# 2096 tractor



## Waterway64 (Dec 2, 2011)

I have a caseIH 2096 tractor that the transmission is going out. Otherwise it is a sound traitor and has served me well. I have been told it could cost $10000 to repair it which would be close to the worth of the tractor once repaired. Is there a cheaper way to repair it or would I be better off to salvage it out and get a different tractor?


----------



## JD3430 (Jan 1, 2012)

Waterway64 said:


> I have a caseIH 2096 tractor that the transmission is going out. Otherwise it is a sound traitor and has served me well. I have been told it could cost $10000 to repair it which would be close to the worth of the tractor once repaired. Is there a cheaper way to repair it or would I be better off to salvage it out and get a different tractor?

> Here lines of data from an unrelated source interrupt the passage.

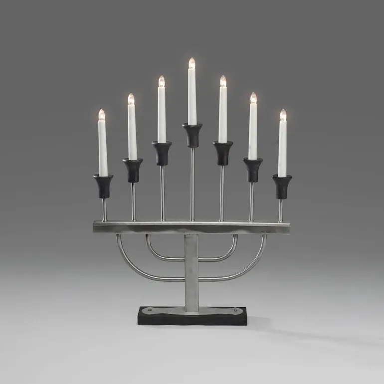 Kynttelikkö harjattua metallia seitsemällä kynttilällä. Virtalähteenä 24 voltin muuntaja.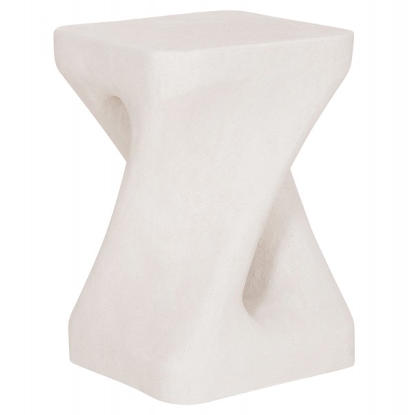 Το σκαμπό είναι κατασκευασμένο από polyresin (πολυρητίνη), ένα σύγχρονο συνθετικό υλικό υψηλής αντοχής που χρησιμοποιείται ευρέως σε premium διακοσμητικά αντικείμενα και έπιπλα design. Η πολυρητίνη προσφέρει σταθερότητα, ανθεκτικότητα στη χρήση και δυνατότητα δημιουργίας σύνθετων σχημάτων με ιδιαίτερη αισθητική. Η σαγρέ υφή στην επιφάνεια ενισχύει την αίσθηση φυσικού υλικού και χαρίζει στο αντικείμενο μια σύγχρονη, γλυπτική παρουσία.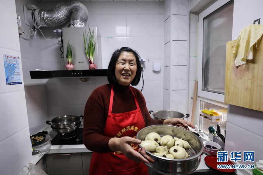 邊慶紅在新居廚房蒸花饃(2月5日攝)。新華社記者 朱崢 攝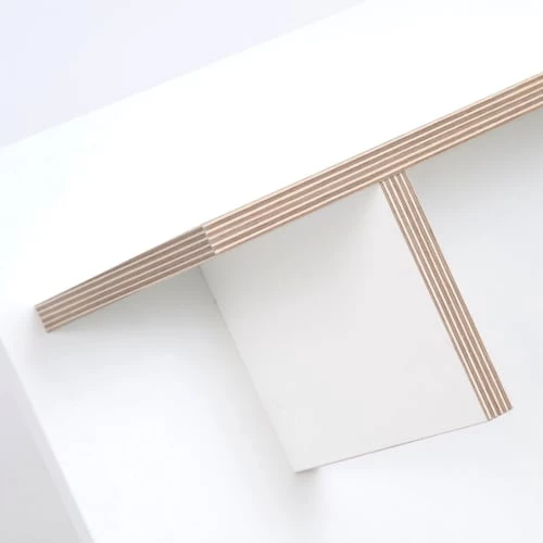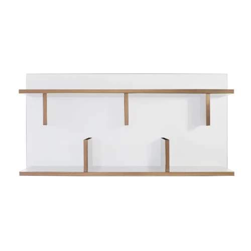 Epurée et élégante, BERN est bien plus qu’une étagère car elle fonctionne également comme un élément décoratif en soi. Son esthétique joue avec la géométrie fragmentée de la pièce qui fait ressortir le contraste entre le fond noir ou blanc et les étagères en contreplaqué.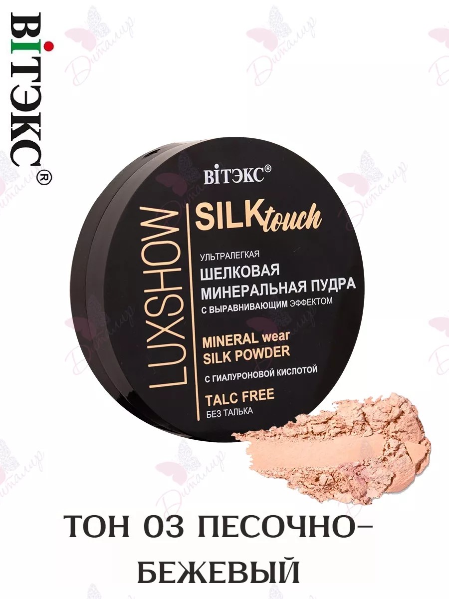 LUXSHOW Silktouch Шелковая Минеральная Пудра для лица ультралегкая без талька. Роскошная минеральная пудра премиального качества превосходно выравнивает тон, маскирует поры и несовершенства, оставаясь совершенно незаметной на коже. Оптимальная плотность покрытия позволяет использовать пудру как на «голую» кожу для создания ровного, гладкого, шелковистого покрытия, так и для закрепления тонального средства. Ультратонкая текстура легко и равномерно наносится, обеспечивает эффект свежей, отдохнувшей, холеной, при этом максимально естественной кожи, что делает пудру идеальной для повседневного макияжа, профессиональных фотосессий, сценического макияжа. Специальные минеральные частицы эффективно поглощают излишки кожного себума, моментально устраняют жирный блеск и надолго матируют кожу, что особенно важно для продления стойкости макияжа в жаркую погоду, для обладательниц кожи, склонной к жирности, а также тех, кто активно занимается спортом. Не сушит кожу. Без талька, не закупоривает поры. Без отдушки. Подходит для всех типов кожи. Содержит масло кокоса, гиалуроновую кислоту и экстракт магнолии, которые питают, смягчают и разглаживают кожу, защищают ее от потери влаги, оказывают антивозрастное действие. Применение: равномерно нанесите на кожу с помощью спонжа или кисточки.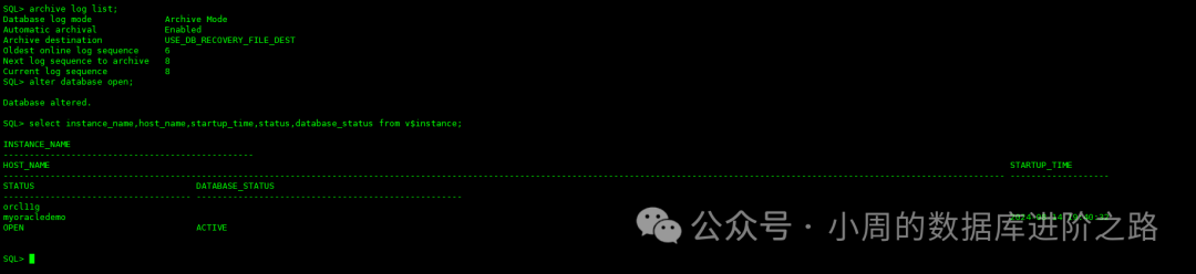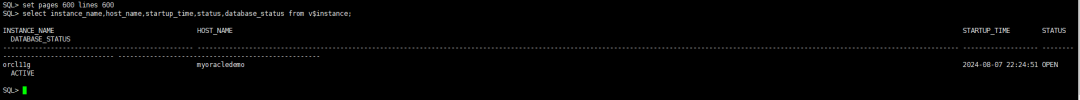 SQL> select instance_name,host_name,startup_time,status,database_status from v$instance;#查看实例状态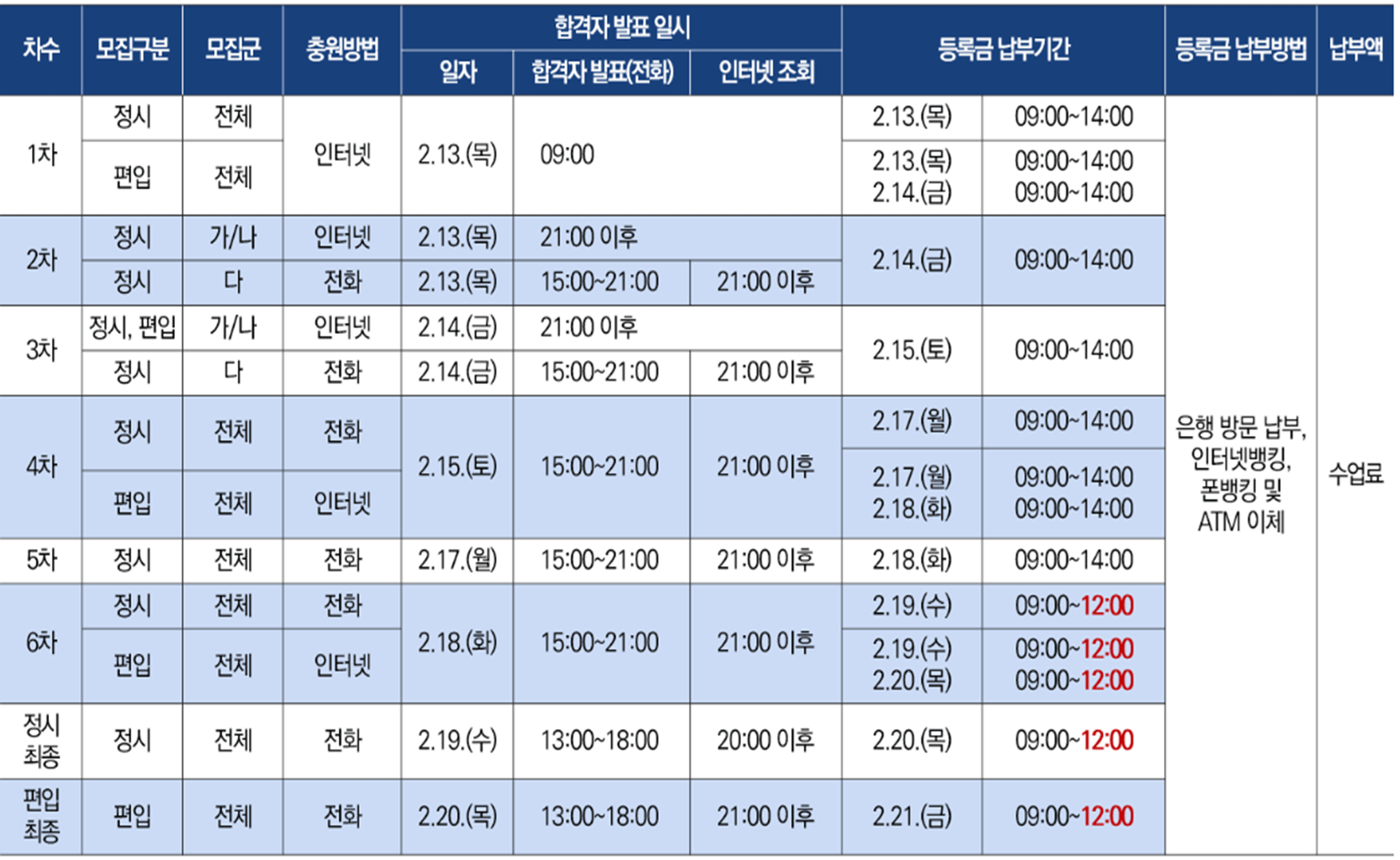 ◈ 정시모집 합격자 발표일 및 충원합격자 발표일 안내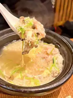 It is not as fluffy as the congee boiled in Hong Kong, more like soup rice.
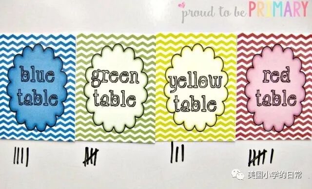 接下来是小组管理。我们班的孩子四个人是一组,每组用一种颜色代表。在学生做功课时,我会给小组分数: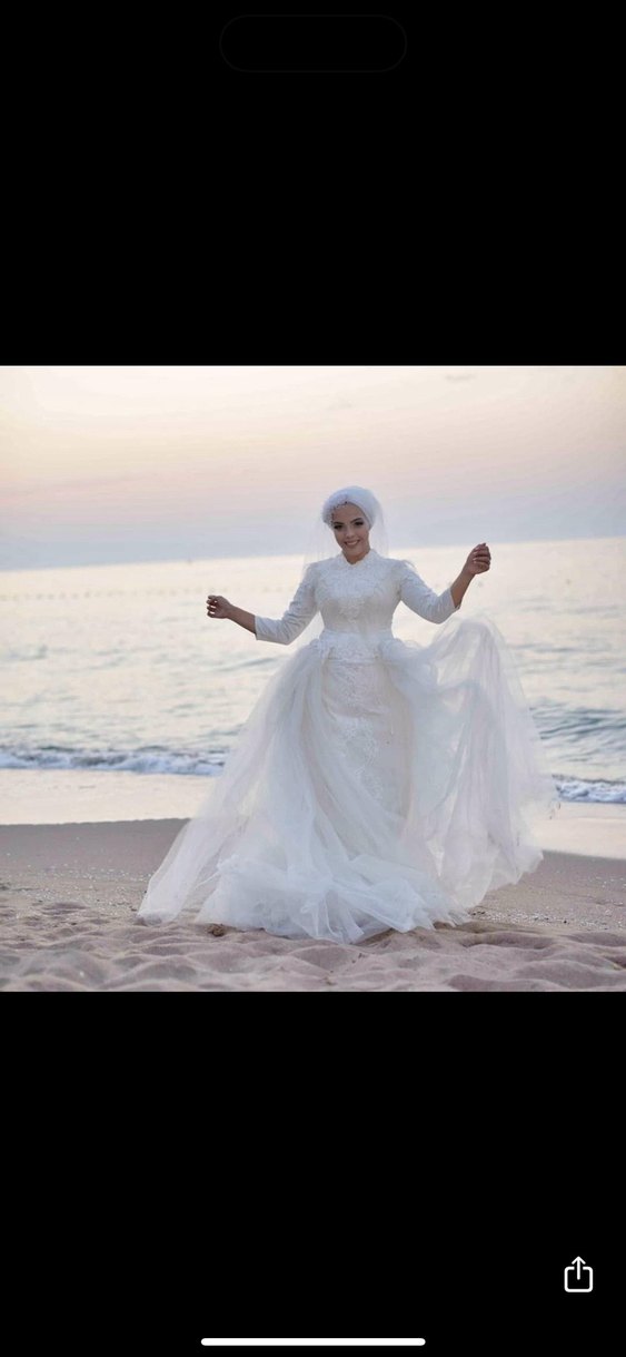 Uzun kollu ve yüksek yakalı beyaz denizkızı gelinlik, bohem tarzda, bol kesim ve hafif kumaşla sade bir şıklık sunar.

Can you get a working transmission from a tractor salvage yard? Or can you sell to someone who can do the trans repair?


----------



## 8350HiTech (Jul 26, 2013)

Unless the housing is ruined, that number has to be based on an astronomical dealer service rate and replacing every single part. You should be able to do it for three grand at an independent shop. And if you get lucky it will be the torque limiter and not the actual powershift and you'll be out the door for a thousand or so. Don't run it until it grenades or you will be looking at a higher bill. If you keep it to clutch packs (which is highly unlikely that you'd need all of them) and independent labor, your tractor will be easily worth repairing.


----------



## 8350HiTech (Jul 26, 2013)

Oh, wait, I meant to say "you can just sell it to me  "


----------



## Redbaler (Jun 10, 2011)

I thought the same thing with my 2094 last year. Turns out a sticky valve and a new circuit board took care of the problem. My bill was 900.


----------



## Gearclash (Nov 25, 2010)

Maybe try asking on the forum at redpowermagazine.com. There are a couple techs on there that have seen about everything.


----------



## 8350HiTech (Jul 26, 2013)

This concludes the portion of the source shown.